**Work instruction:**
The result should be the listing below restated word for word, with images left out.

**Information supplied:**
*** Block opens ***
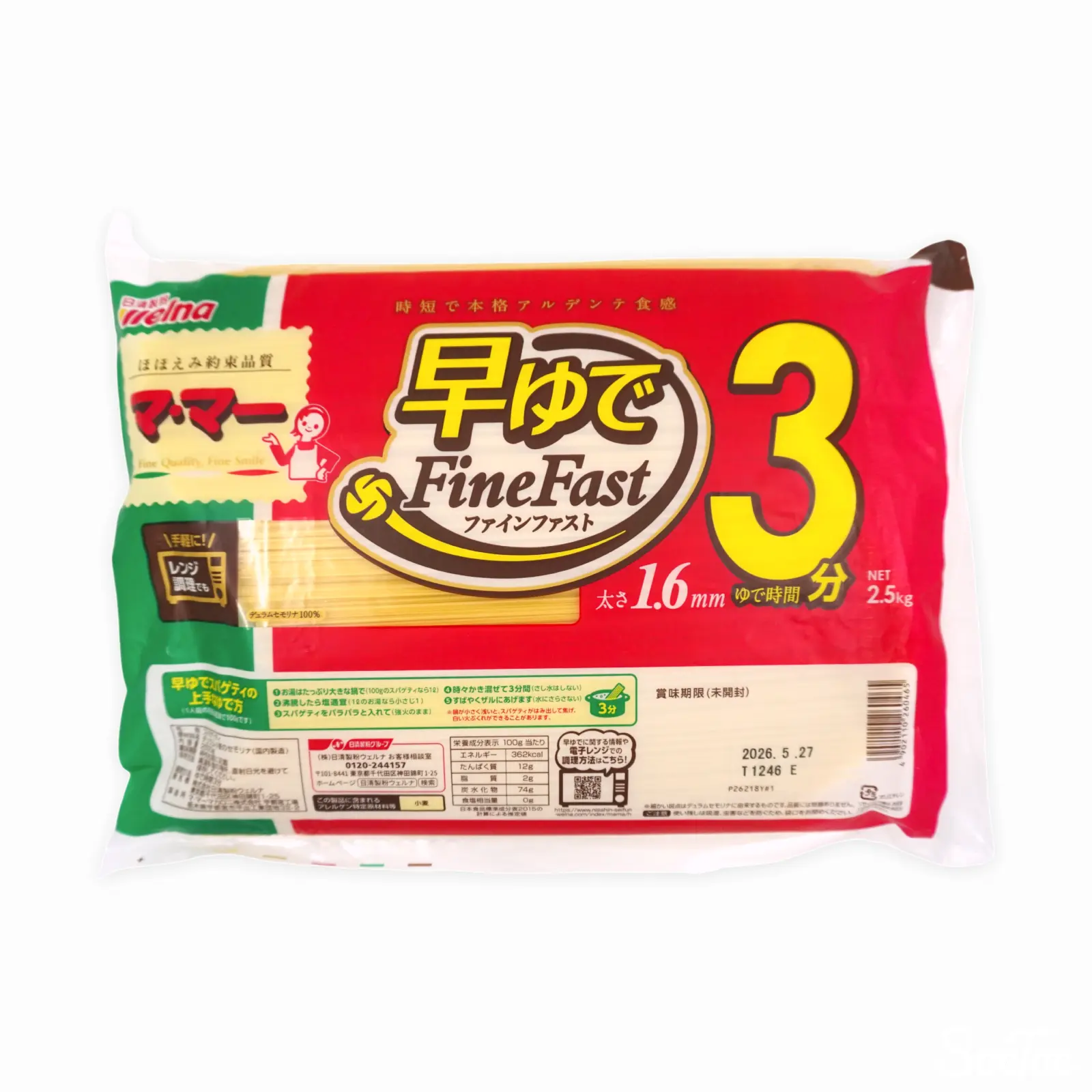 日清フーズの早湯でスパゲティ2,500g入り大容量パックです。1.6mm太さのスパゲティ麺が3分で茹で上がります。
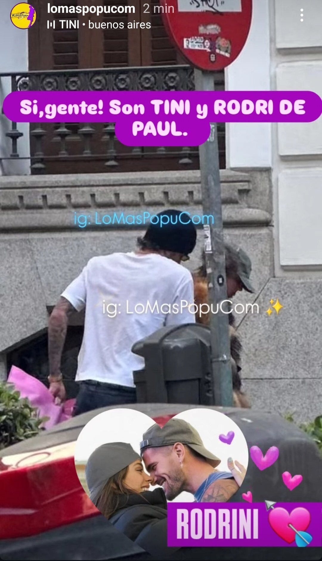 En la fotografía se ve a Tini y a Rodrigo a escondidas en España, lo que deja en el aire la duda su la cantante argentina regresó con el futbolista.
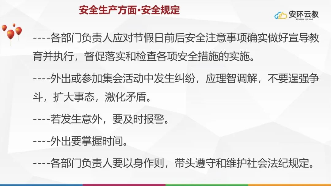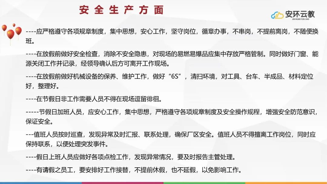 在十一假期來臨之際,為了保證大家渡過愉快、祥和、安全的假期,減少節假日前后及節假日安全事故的發生,安全從業人員必須要遵守安全生產、危險作業、消防安全、用電安全、交通安全、新冠疫情等方面的注意事項。
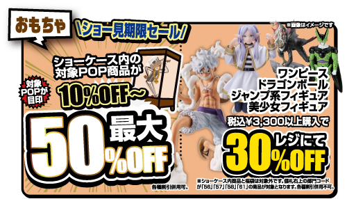 202602.13 おもちゃ 【おもちゃ】バレンタインセール R.8 2/14日(土)~R.8 2/22(日)の期間中 おもちゃコーナーにてお得なセール開催します!! 期間中は 【ワンピース系フィギュア】【ジャンプ系フィギュア】【美少年フィギュア】【ドラゴンボールフィギュア】がお買い得になります!! ショーケース外にある対象商品を税込み¥3,300-以上お買い上げで30%OFF!! 更にショーケース内には最大50%OFFのPOPも出現⁉
*** Block closes ***
**Task output:**
 日清フーズの早湯でスパゲティ2,500g入り大容量パックです。1.6mm太さのスパゲティ麺が3分で茹で上がります。
 En la fotografía se ve a Tini y a Rodrigo a escondidas en España, lo que deja en el aire la duda su la cantante argentina regresó con el futbolista.
 在十一假期來臨之際,為了保證大家渡過愉快、祥和、安全的假期,減少節假日前后及節假日安全事故的發生,安全從業人員必須要遵守安全生產、危險作業、消防安全、用電安全、交通安全、新冠疫情等方面的注意事項。
 202602.13 おもちゃ 【おもちゃ】バレンタインセール R.8 2/14日(土)~R.8 2/22(日)の期間中 おもちゃコーナーにてお得なセール開催します!! 期間中は 【ワンピース系フィギュア】【ジャンプ系フィギュア】【美少年フィギュア】【ドラゴンボールフィギュア】がお買い得になります!! ショーケース外にある対象商品を税込み¥3,300-以上お買い上げで30%OFF!! 更にショーケース内には最大50%OFFのPOPも出現⁉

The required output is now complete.